Ramus lived 1515-1572 while Plato was around 428-347 bce, so it is not surprising Ramus seemed far more modern in his writing than Plato--he was close to 2000 years later! On the other hand, Ramus' writing felt like today's writing than Shakespeare's, despite Shakespeare being born around ten years before Ramus died, so it is not as simple as "writers that wrote later in history sound closer to writers today than older writers." It makes me wonder why Shakespeare sounds so outdated today, or why Ramus wasn't using all kinds of words we don't anymore.
Another thing that contributed to Ramus' modern feel, besides the lack of Shakespeare's "ye", "wherefore" etc, was his self-insertion into the text. Arguments in Rhetoric against Quintilian is not just a recording of a conversation or an impersonal text, it is a personal statement. Ramus is saying "I don't like Quintilian because..." The focus on the self makes this reading seem more like something by Hunter S. Thompson or Norman Mailer than other rhetors we have read, like Aristotle or Plato.

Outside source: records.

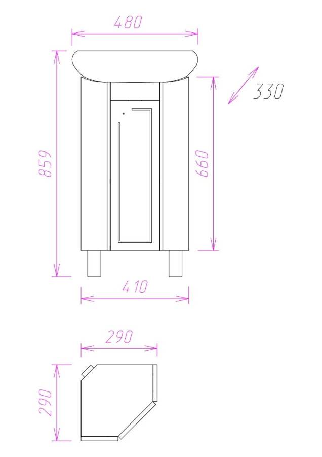 Размеры тумбы без учета раковины и ножек 41х28х66 см.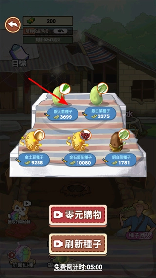 3、挑选种植用的种子,在种子选择界面里,选定适宜的种子,明确好要种植的作物种类。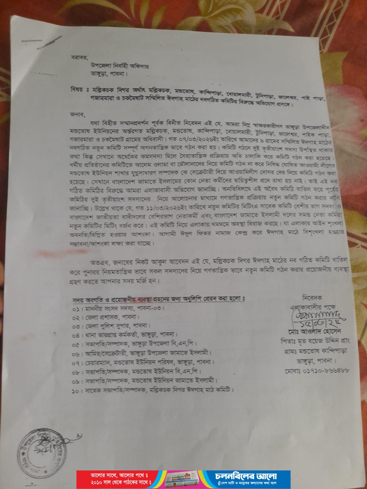 পাবনার ভাঙ্গুড়া চকদিগর অর্থাৎ মল্লিকচক,মন্ডতোষ,কান্দিপাড়া,বোয়ালমারী, টুনিপাড়া,জালেশ্বর,পাইক পাড়া,গজারমারা,চক মৌষাট, সম্মিলিত ঈদগাঁ মাঠের নব-গঠিত কমিটি বাতিল চেয়ে উপজেলা নির্বাহী কর্মকর্তা বরাবর লিখিত অভিযোগ দিয়েছেন, অত্র ঈদগাঁ মাঠের দাঁতা সদস্যের ছেলে আওলাদ হোসেন মাষ্টারসহ,বিএনপিপন্থি,জামাতপন্থী, আওয়ামী লীগপন্থী নয় গ্রামের ৭৫ জন নেতাকর্মী। গত রবিবার (১৫ মার্চ) এই লিখিত অভিযোগ দেওয়া হয়েছে।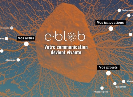 Voici e-blob, le nouveau format de communication innovante de notre agence. Il se présente comme un espace vivant, interactif qui grandit au scroll et qui présente au bout de ses ramifications des popins de contenus.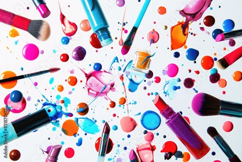 Vivid Beauty Explosion - Colorful nail polishes, makeup brushes, and lipsticks falling gracefully on white backdrop in high-resolution beauty photography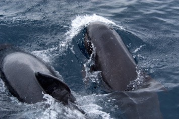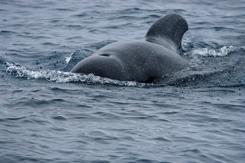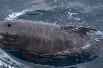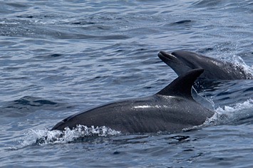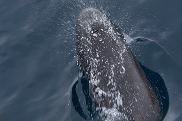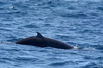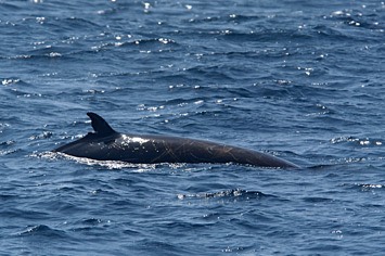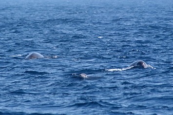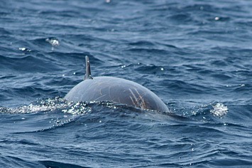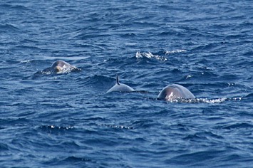 A total of 13 beaked whale sightings were made, but many were too far away or too brief to identify the animals to species level. But on one occasion we were extremely lucky, when a small group of Cuvier's beaked whales (Ziphius cavirostris) swam straight towards our vessel, showing their short, stubby beaks each time they surfaced.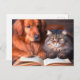 Cat and dog reading a book postcard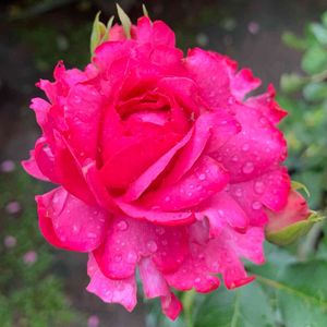 🌹ザ・マッカートニーローズ ♡🎼*.:🎸 大雨☔️が膨らんだ蕾に染み込んだので形がいまいちですが、無事咲いてくれました😊

I also liked this work because it was calling some of the other, older works out on some of their faults. A lot of the time it seems like the older works get a free pass because they formed the foundation, as if pointing out that some of their arguments were obviously wrong would cause the whole of rhetoric to crumble.
Aristotle, for example, said "...what is rare is a greater good than what is plentiful" (p194) and "...the more a thing is desired, the better it is." (p195), both of which seemed amusingly wrong--almost to the point of calling Aristotle's credibility as a thinker into question. According to his first statement, a murder is a greater good than holding the door for someone, because murders don't happen as often as holding the door. BUT WAIT THERE'S MORE: if murders became more frequent than holding hte door, then magically holding the door would become the greater good. According to the second statement, many illegal drugs are better than world peace, as many people desire drugs on a daily basis but relatively few people are actively thinking about (desiring) world peace on a day-to-day basis.
This is not to say that the older works are completely without merit for study, just that it was nice to see them being taken off the pedestal and treated as normal texts.